Abstract: TH-PO005
ChatGPT vs. a First-Year Nephrology Fellow in Electrolyte and Acid-Base Disorders
Session Information
- AI, Digital Health, Data Science - I
November 02, 2023 | Location: Exhibit Hall, Pennsylvania Convention Center
Abstract Time: 10:00 AM - 12:00 PM
Category: Augmented Intelligence, Digital Health, and Data Science
- 300 Augmented Intelligence, Digital Health, and Data Science
Authors
- Mekraksakit, Poemlarp, Mayo Clinic Minnesota, Rochester, Minnesota, United States
- Krisanapan, Pajaree, Mayo Clinic Minnesota, Rochester, Minnesota, United States
- Craici, Iasmina, Mayo Clinic Minnesota, Rochester, Minnesota, United States
- Kalantari, Kambiz, Mayo Clinic Minnesota, Rochester, Minnesota, United States
- Thongprayoon, Charat, Mayo Clinic Minnesota, Rochester, Minnesota, United States
- Cheungpasitporn, Wisit, Mayo Clinic Minnesota, Rochester, Minnesota, United States
Background
ChatGPT is a leading natural language processing model known for its impressive ability to generate human-like responses in various tasks. This study aims to assess ChatGPT's proficiency in addressing electrolyte and acid-base disorders in Nephrology.
Methods
In our study, we used nephSAP and KSAP, provided by the American Society of Nephrology (ASN), to assess ChatGPT's accuracy in answering basic questions about electrolyte and acid-base disorders. Questions with images were excluded as ChatGPT cannot process images. We evaluated a total of 152 questions, with 122 from KSAP and 30 from nephSAP. ChatGPT was tested twice, with the initial and subsequent runs conducted 1 to 2 weeks apart.
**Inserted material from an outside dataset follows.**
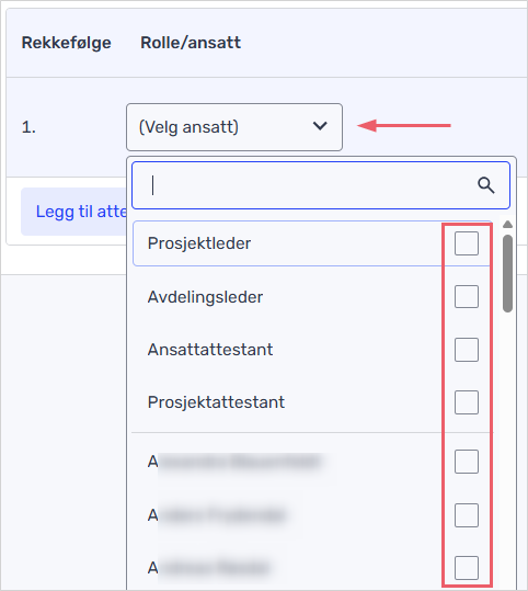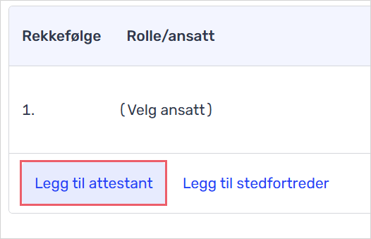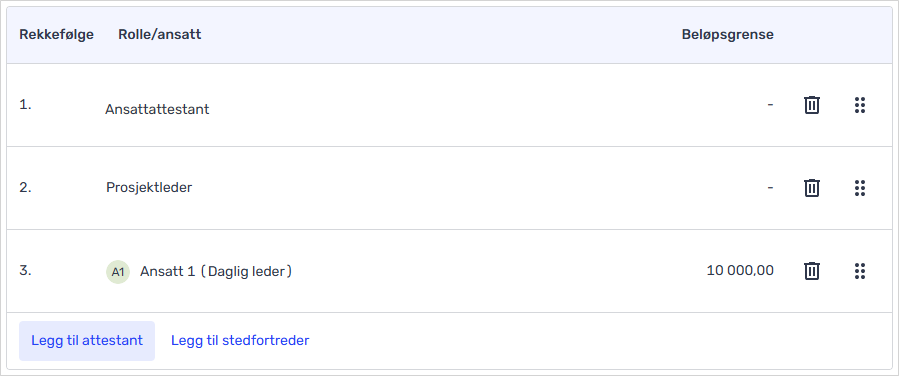 - Endre rekkefølgen på attestanter, ved å trykke og holde i prikkene til høyre for å flytte på et steg i attestantrekkefølgen.

To compare scores, we considered the performance of a first-year Nephrology fellow who extensively studied this topic. The complete set of questions can be found at https://education.asn-online.org/.
Results
In the 122 KSAP question banks, ChatGPT achieved accuracies of 32.8% and 37.7% on the first and second runs, respectively. In comparison, a first-year Nephrology fellow achieved an accuracy of 76.2%. On the nephSAP question banks, consisting of 30 questions, ChatGPT demonstrated an accuracy of 50% on the initial run and 53.3% on subsequent runs. The first-year Nephrology fellow correctly answered 83% of the questions. Notably, ChatGPT changed its answers on the second run for 56 out of 152 questions (36.8%). Out of these 56 questions, ChatGPT corrected its answers from incorrect to correct in 18 cases, but also changed its answers from correct to incorrect in 10 instances.
Conclusion
ChatGPT's proficiency in addressing electrolyte and acid-base disorders in nephrology is limited. It did not achieve the minimum passing threshold of 75% set by the ASN for nephrologists. Its accuracies were lower compared to a dedicated first-year Nephrology fellow. ChatGPT's responses were inconsistent across different runs. Therefore, ChatGPT is not a suitable replacement for human clinicians in this clinical setting.